> [Source data]:
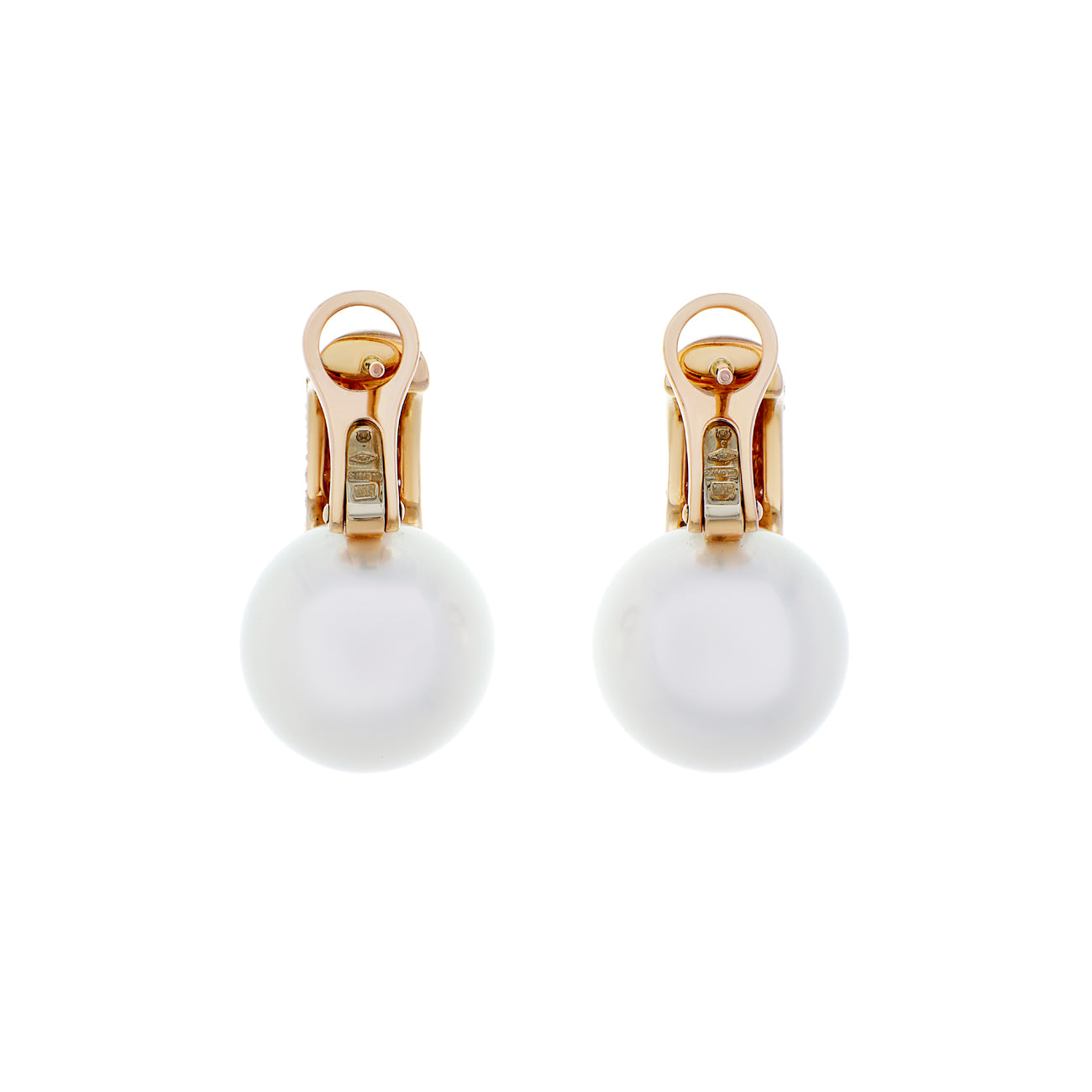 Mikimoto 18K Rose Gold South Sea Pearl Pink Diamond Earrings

--

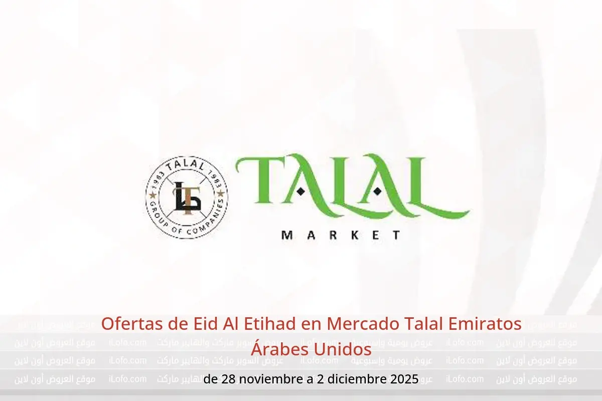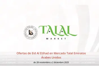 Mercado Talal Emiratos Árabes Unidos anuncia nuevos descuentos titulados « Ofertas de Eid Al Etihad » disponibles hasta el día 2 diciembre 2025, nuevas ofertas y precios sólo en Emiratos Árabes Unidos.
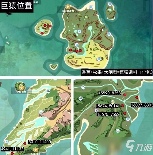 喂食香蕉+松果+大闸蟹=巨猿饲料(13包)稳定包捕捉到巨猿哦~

--

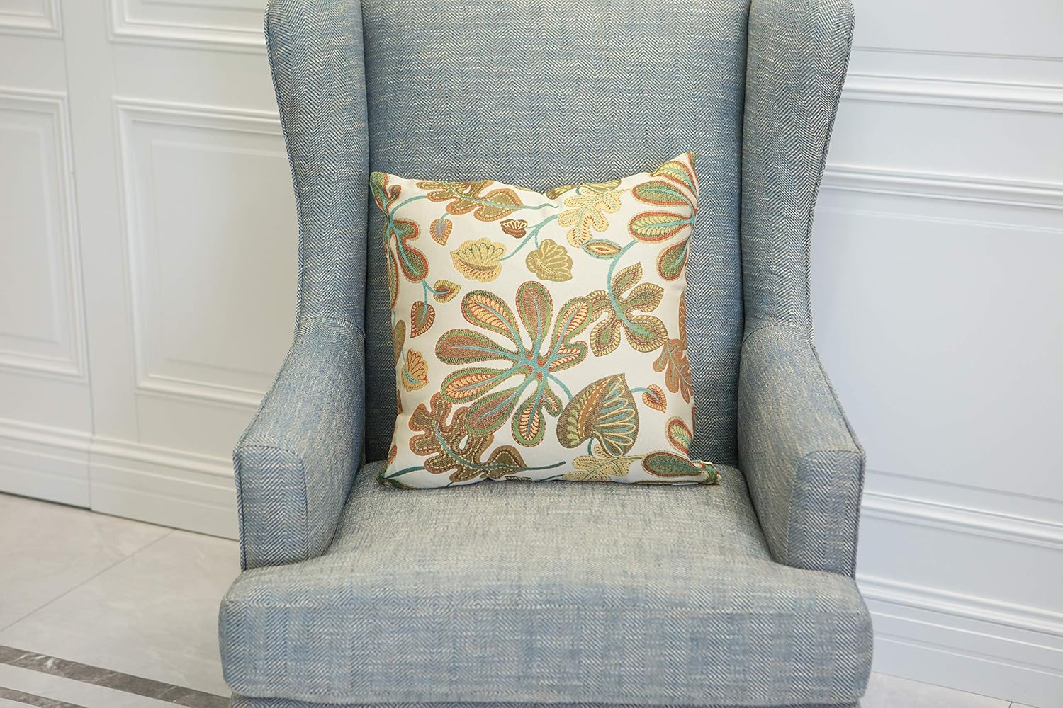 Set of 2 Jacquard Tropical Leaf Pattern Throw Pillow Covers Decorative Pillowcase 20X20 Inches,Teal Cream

> [What needs to be done]:
Start at the line above containing "Mercado Talal Emiratos" and stop at the line containing "喂食香蕉+松果+大闸蟹=巨猿饲料(13包)稳定包捕捉到巨猿哦~": print those lines and everything between them exactly, but not the pictures.

> [Worked solution]:
 Mercado Talal Emiratos Árabes Unidos anuncia nuevos descuentos titulados « Ofertas de Eid Al Etihad » disponibles hasta el día 2 diciembre 2025, nuevas ofertas y precios sólo en Emiratos Árabes Unidos.
 喂食香蕉+松果+大闸蟹=巨猿饲料(13包)稳定包捕捉到巨猿哦~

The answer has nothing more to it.